> _The data_
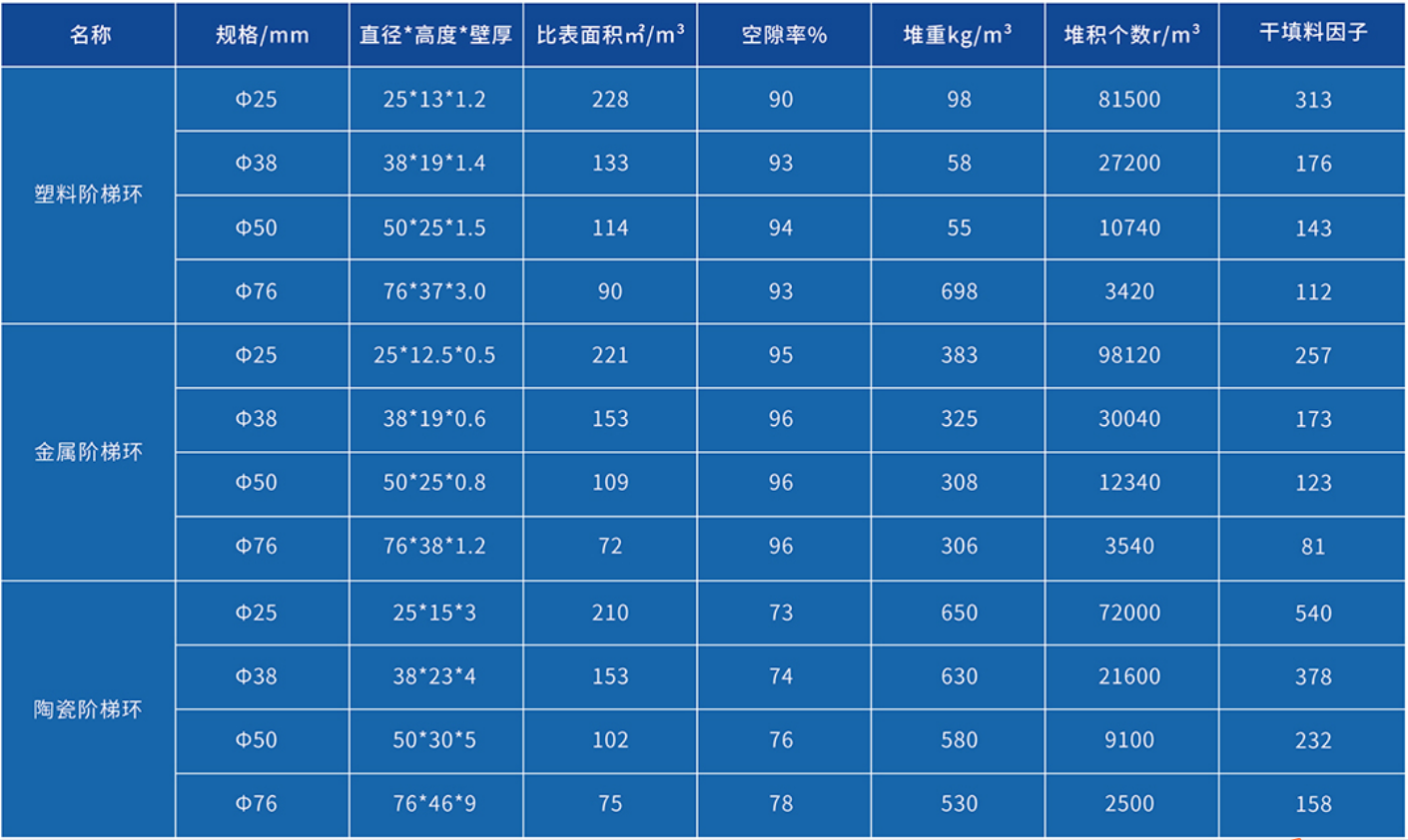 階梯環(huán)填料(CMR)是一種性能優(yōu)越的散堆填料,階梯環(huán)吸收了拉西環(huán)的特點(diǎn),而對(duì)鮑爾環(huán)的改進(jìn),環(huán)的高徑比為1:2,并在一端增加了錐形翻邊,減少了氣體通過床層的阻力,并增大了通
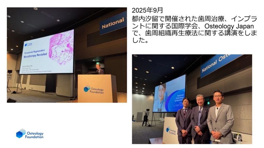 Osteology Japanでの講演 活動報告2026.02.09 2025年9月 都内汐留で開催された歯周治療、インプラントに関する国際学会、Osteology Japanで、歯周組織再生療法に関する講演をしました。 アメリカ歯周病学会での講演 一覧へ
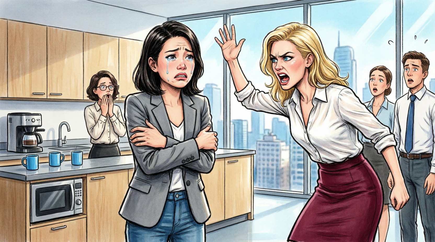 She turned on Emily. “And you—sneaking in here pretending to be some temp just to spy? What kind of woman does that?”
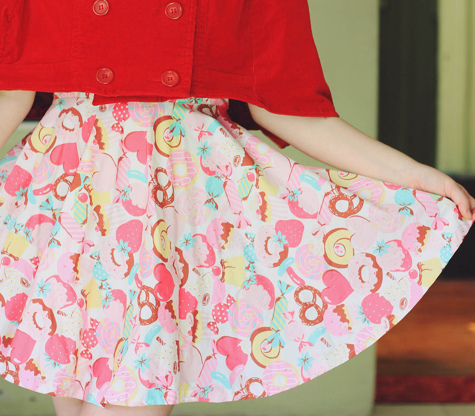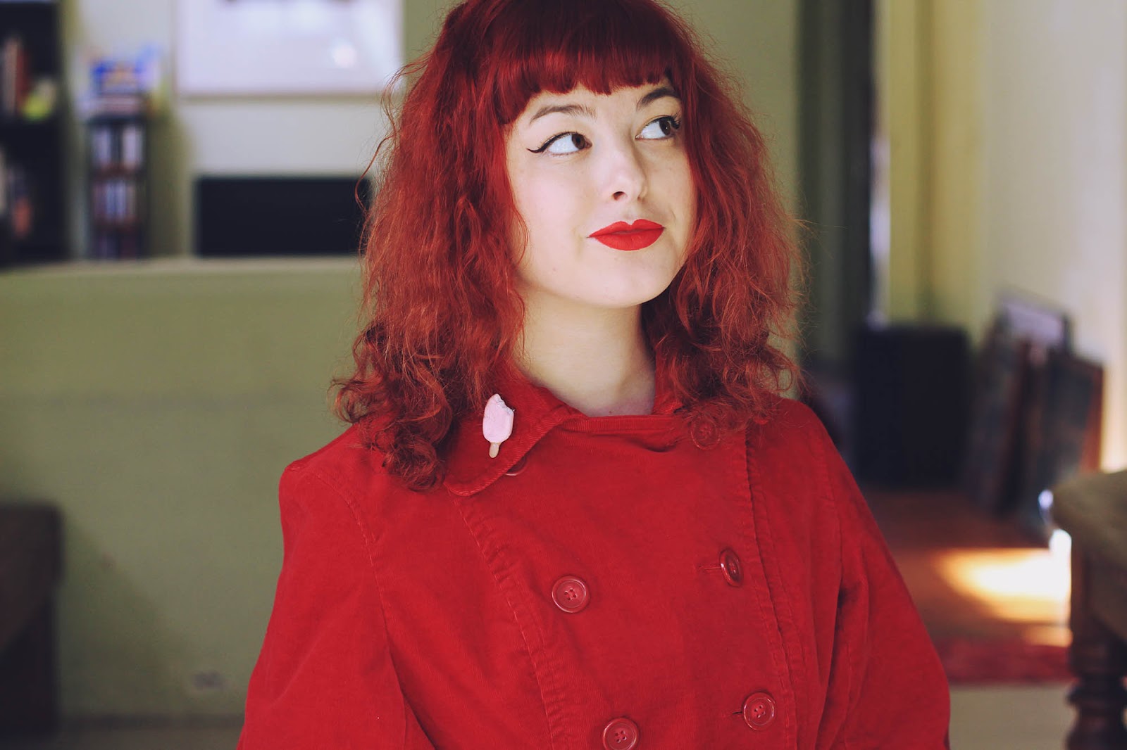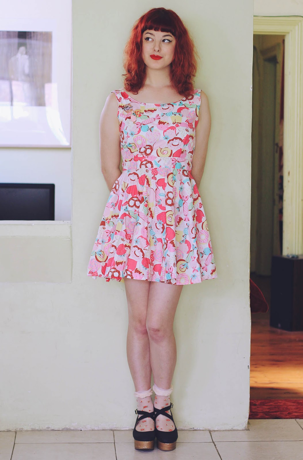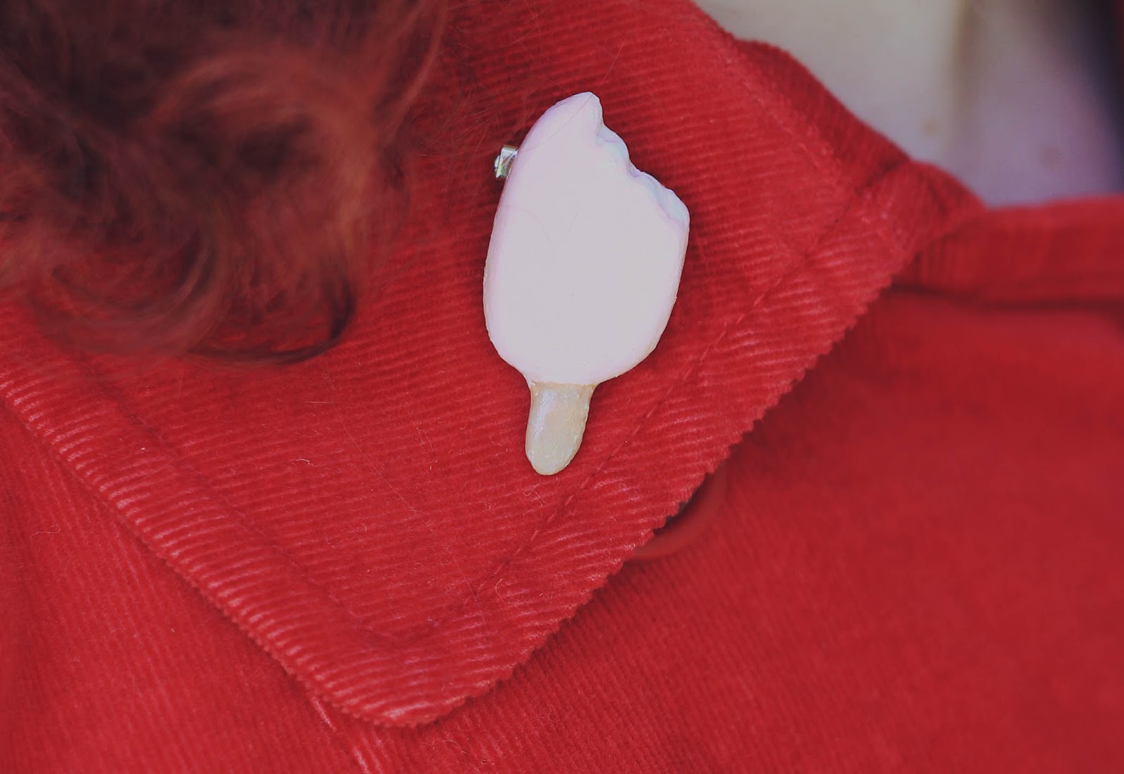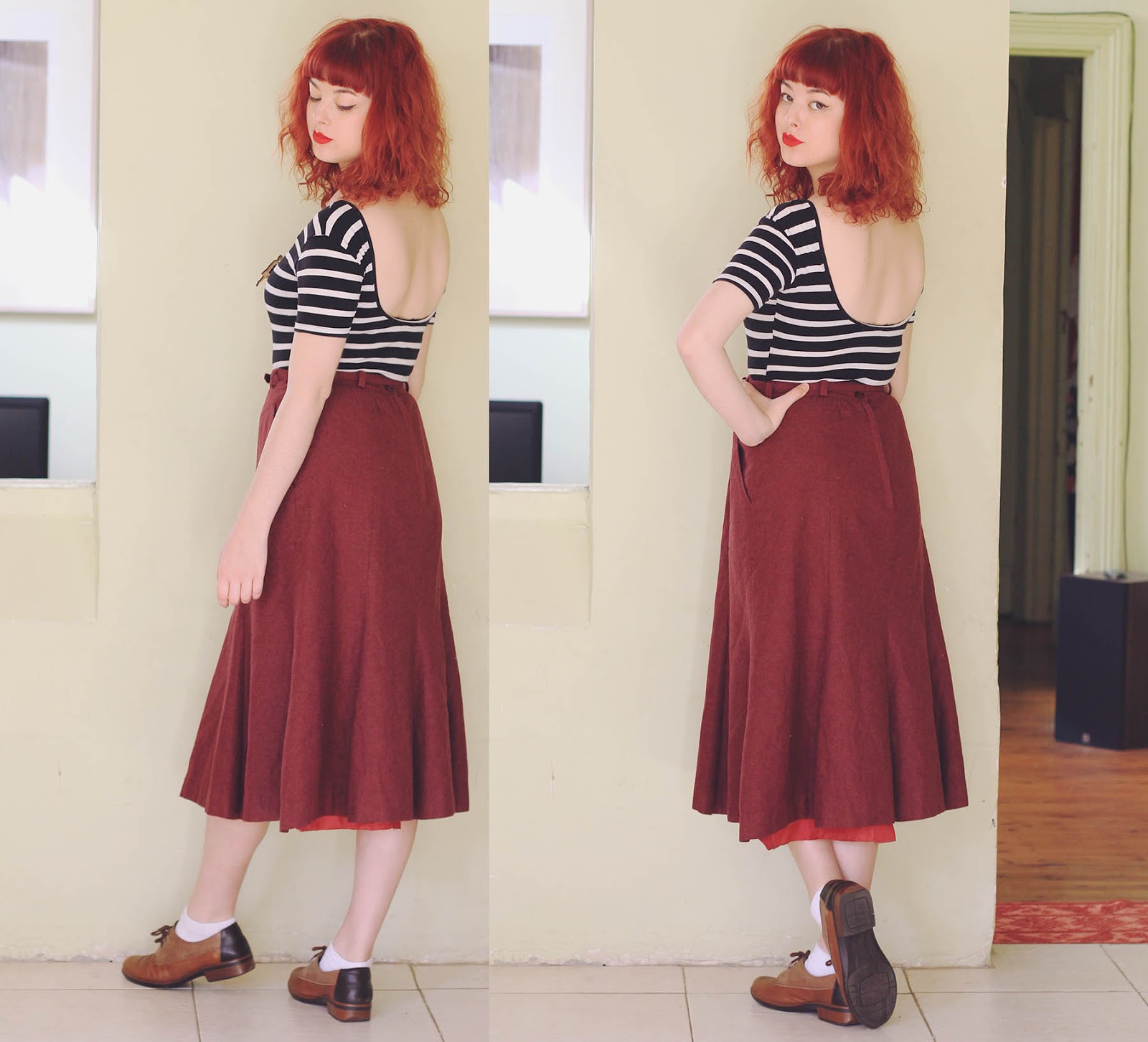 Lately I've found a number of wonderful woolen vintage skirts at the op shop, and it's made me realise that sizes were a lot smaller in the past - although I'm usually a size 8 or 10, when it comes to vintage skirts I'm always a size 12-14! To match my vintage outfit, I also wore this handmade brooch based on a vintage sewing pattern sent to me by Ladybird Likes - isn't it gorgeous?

> _What to work on_
Please transcribe the listing above verbatim and exclude every picture.

> _Task response_
 階梯環(huán)填料(CMR)是一種性能優(yōu)越的散堆填料,階梯環(huán)吸收了拉西環(huán)的特點(diǎn),而對(duì)鮑爾環(huán)的改進(jìn),環(huán)的高徑比為1:2,并在一端增加了錐形翻邊,減少了氣體通過床層的阻力,并增大了通
 Osteology Japanでの講演 活動報告2026.02.09 2025年9月 都内汐留で開催された歯周治療、インプラントに関する国際学会、Osteology Japanで、歯周組織再生療法に関する講演をしました。 アメリカ歯周病学会での講演 一覧へ
 She turned on Emily. “And you—sneaking in here pretending to be some temp just to spy? What kind of woman does that?”
 Lately I've found a number of wonderful woolen vintage skirts at the op shop, and it's made me realise that sizes were a lot smaller in the past - although I'm usually a size 8 or 10, when it comes to vintage skirts I'm always a size 12-14! To match my vintage outfit, I also wore this handmade brooch based on a vintage sewing pattern sent to me by Ladybird Likes - isn't it gorgeous?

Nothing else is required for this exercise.